The SCE Audit and Finance Committee is required to pre-approve all audit and permitted non-audit services performed by PwC to ensure these services will not impair the firm's independence. The SCE Audit and Finance Committee has delegated to the Committee Chair the authority to pre-approve services between committee meetings, provided that any pre-approval decisions are presented to the committee at its next meeting. PwC must assure that all audit and non-audit services provided to SCE have been approved by the SCE Audit and Finance Committee.
During the fiscal year ended December 31, 2022, all services performed by PwC were pre-approved by the SCE Audit and Finance Committee, irrespective of whether the services required pre-approval under the Securities Exchange Act of 1934.
MARKET FOR REGISTRANT'S COMMON EQUITY, RELATED STOCKHOLDER MATTERS AND ISSUER PURCHASES OF EQUITY SECURITIES
Edison International
Edison International Common Stock is traded on the New York Stock Exchange under the symbol "EIX."
There are restrictions on the ability of SCE to transfer funds to Edison International that materially limit the ability of Edison International to pay cash dividends. Such restrictions are discussed in the MD&A under the heading "Liquidity and Capital Resources—SCE—SCE Dividends," and in "Notes to Consolidated Financial Statements—Note 1. Summary of Significant Accounting Policies—SCE Dividends." The number of common stockholders of record of Edison International was 25,645 on February 16, 2023. In addition, Edison International cannot pay dividends if it does not meet California law requirements on retained earnings and solvency.

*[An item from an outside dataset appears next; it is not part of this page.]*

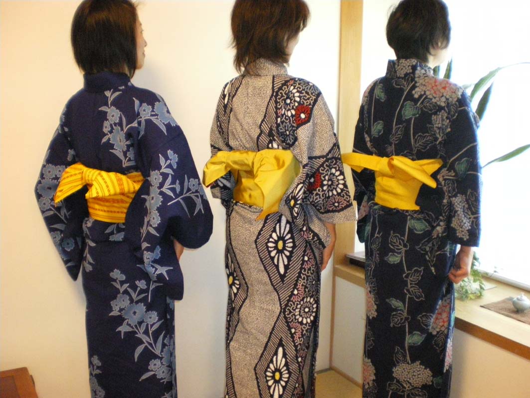 お二人は定番の4寸巾のもの、真ん中の方の帯巾は(たぶんご祖母様のもの?)、6寸近くあるのですが、丈が短いので、方流しのような結び方に

Southern California Edison Company
As a result of the formation of a holding company described under the heading "Business" above, all of the issued and outstanding common stock of SCE is owned by Edison International and there is no market for such stock. There are restrictions on SCE's ability to pay dividends to Edison International and to its preference shareholders. Such restrictions are discussed in the MD&A under the heading "Liquidity and Capital Resources—SCE—SCE Dividends," and in "Notes to Consolidated Financial Statements—Note 1. Summary of Significant Accounting Policies—SCE Dividends."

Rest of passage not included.